I've played their previous games on release date and never encountered that many issues, but Starfield was littered with issues. I think it's gotten worse.

Bethesda has always been known for its abysmal lack of care about quality. Morrowind (2002) is riddled with bugs, a lot of them game breaking. They're all listed on the wiki, each article having several of them, with steps to resolve them using console commands (which you are expected to use if you want to finish the game).

Just use OpenMW.

Obviously, but I was responding to OP's claim that Bethesda's games took a dip in the quality department, by underlining that they were always infamous for putting out rushed games riddled with bugs.

Ship loading screen simulator

I have been moderately interested in Starfield and anticipated it would follow the pattern of other Bethesda endeavours.
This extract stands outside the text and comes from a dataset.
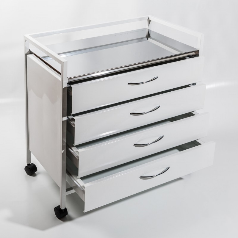 Столик-тумба медична Атон СТ-Т-Н призначений для розміщення витратних матеріалів, медикаментів та інструментів. Столик медичний виконаний у вигляді металевого каркаса з полімерним покриттям, встановленого на коліщата з гальмами. В каркасі розташовуються 4 ящики. Над шухлядами розташована полиця з високоякісної полірованої нержавіючої сталі. З трьох сторін полку має огорожу, одночасно виконує функцію ручок для переміщення столика. Матеріал каркаса сталь з полімерним покритямм Матеріал полиці нержавіюча сталь Габаритні розміри, мм 720х450х798 Допустиме навантаження на полицю, кг 10 Допустиме навантаження на шухдяду, кг 5 Кількість шухляд, шт 4 Гарантийний термін експлуатації, міс 18 Термін служби (не меньше), міс 60 Маса вироба, кг 29

Which is to say it takes a while post-release for they and their mod community to get it to a state I am at all interested.

Are we there yet?


No, its bad. Genuinely bad. This was the first Bethesda game I actually found bugs on day 1 for. I've played all their other games on launch and its never been this bad for me. I usually rarely spot bugs, I don't know if I just have the right hardware or what, but it just never happens to me.

The other problem is they did a major update, which broke a ton of mods. Then with their own mod store, they made it so only paid mods are considered "savefile safe" for enabling of achievements, which means every other mod I find that isn't a paid mod has a descriptiong along the lines of "I AM NO LONGER MAINTAINING THIS DUE TO BETHESDA WANTING TO PAYWALL SIMPLE FREE MODS JUST TO LET YOU SAVE WITHOUT ACHIEVEMENTS" or something like that, I've seen a few completely different mod authors just abandone ship completely.

This is probably their worst goof ever. I'm genuinely angered enough that if the next Elder Scrolls flops I may have to write off one of my all-time favorite game development studios.

I love Bethesda, but they're falling off real hard, and the only difference that could be affecting that is Microsoft in my eyes.

Just think. Starfield could have been a Game of the Year game. It was not.

It also only has one single DLC.

I love the game, its just not looking like it will ever meet its potential. I read on reddit a commend that I agree with, the only thing that could save Starfield now is a "Directors Cut" release.


Skyrim on day one came out with a game breaking bug in the main quest, and it crashed a lot too. Starfield's problem is that it's a very boring procgen hell.

They cut out a ton of content, they should have left most of it in. There's more problems beyond just procedural generation. All the companions hold the same views. Even the bounty hunting group feels incomplete.